TERENCE BLAKE’S REVIEW OF GRAHAM HARMAN’S “THE THIRD TABLE”

I wrote my review of Graham Harman’s THE THIRD TABLE before I had fully elaborated my critique of OOO. THE THIRD TABLE is very interesting and revealing, as it contains a concise overview of the central themes of Harman’s object-oriented philosophy. The style is quite engaging as Harman manages to expound his ideas in the form of a response to Sir Arthur Eddington’s famous two table argument.

This argument famously contrasts the familiar solid, substantial table of common sense with the the insubstantial swarm of particles moving rapidly in what is mostly empty space that constitutes the table as modern physics envisages it.

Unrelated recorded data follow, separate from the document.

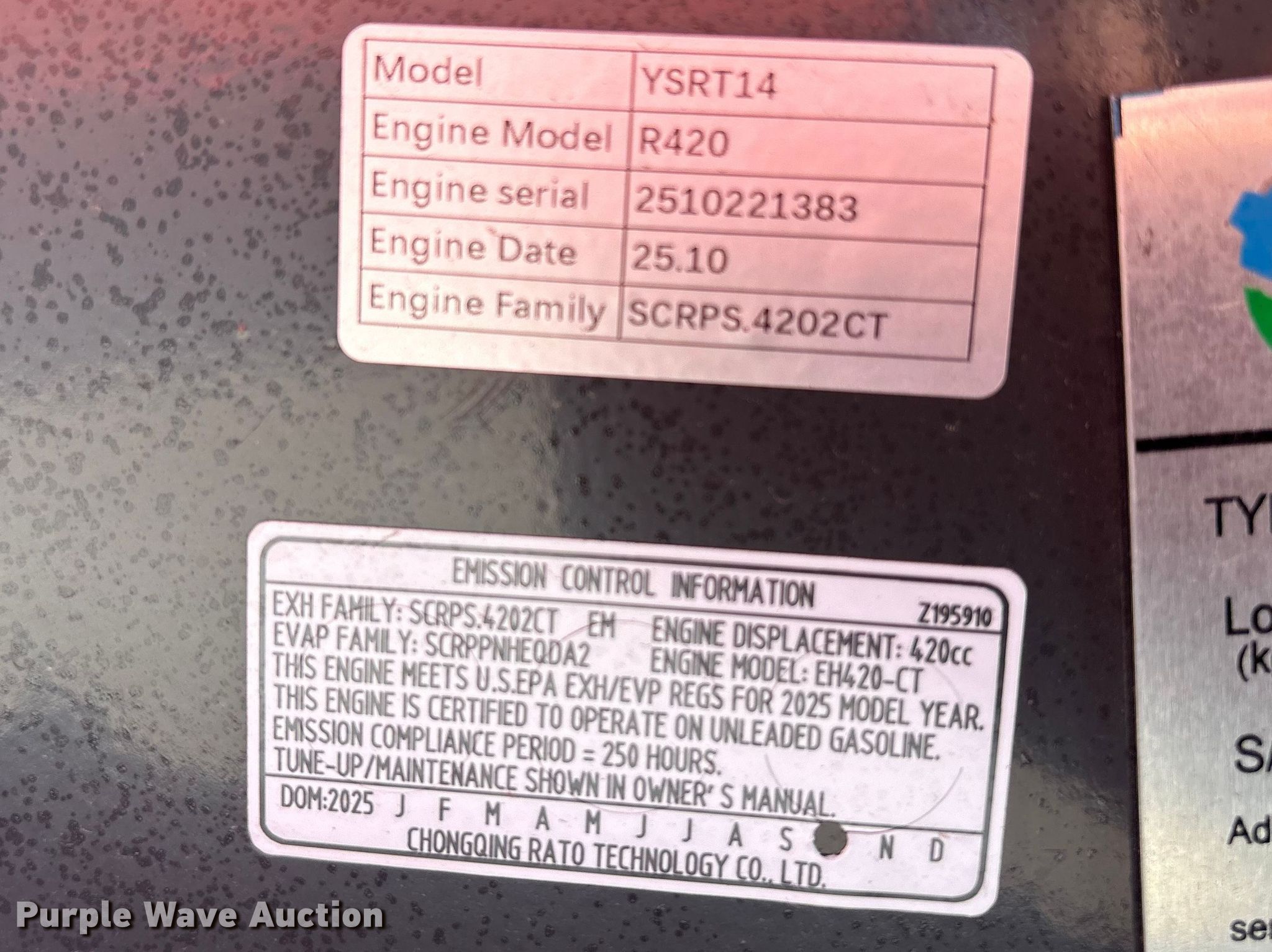 - Serial: YSRT142025L110834
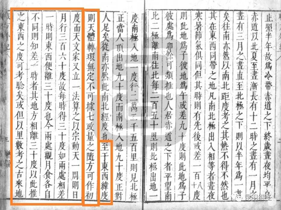 “至若东西为纬之度,则天体浑行(传教士改成“转环”)无定。不可据七政量之。随方可为(传教士把“为”改为“作”)初度,而天文家又立算术瑩之。以第九重(即宗动天,传教士改为“宗动天”)行健之天一周,则日昼夜行三百六十度,每时得三十度,如两处相差一时,则知东西离三十度矣。以观月食验之,或以里数考之。
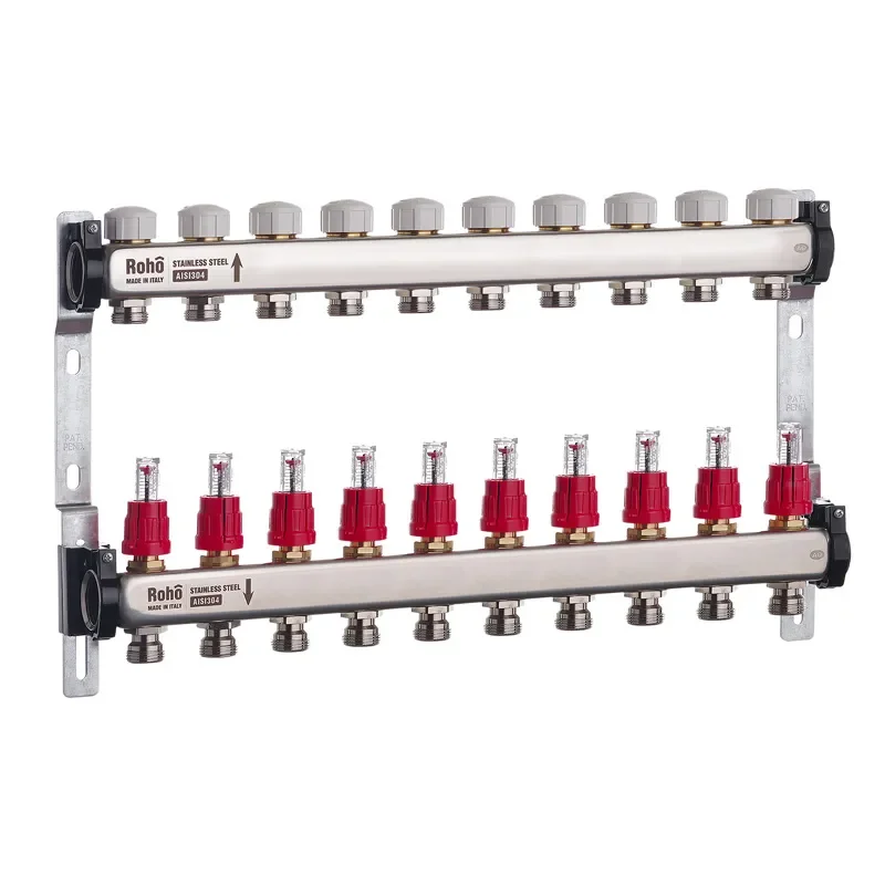Коллектор с расходомером и термостатическими клапанами Roho R804-10 - 1"х 10 вых. (RO0042)

Referring to Eddington’s classical argument allows Harman to couch his own analysis in terms of a running engagement with reductionism, in both its humanistic and scientistic forms.

To overcome the conflict between Eddington’s two tables, Harman posits the existence of a “third table”, the only real table, that is meant to exemplify his OOP’s new nonreductionist approach to objects. In my review I argue that Harman’s account of each of the three tables is very unsatisfying.

Finally, I compare Harman’s OOP with Paul Feyerabend’s ontology, and I conclude that OOP is a naïve and dogmatic form of negative theology.

I am quite pleased with my review, but I would like to rewrite it, taking into account what I have learnt since then. All suggestions are welcome.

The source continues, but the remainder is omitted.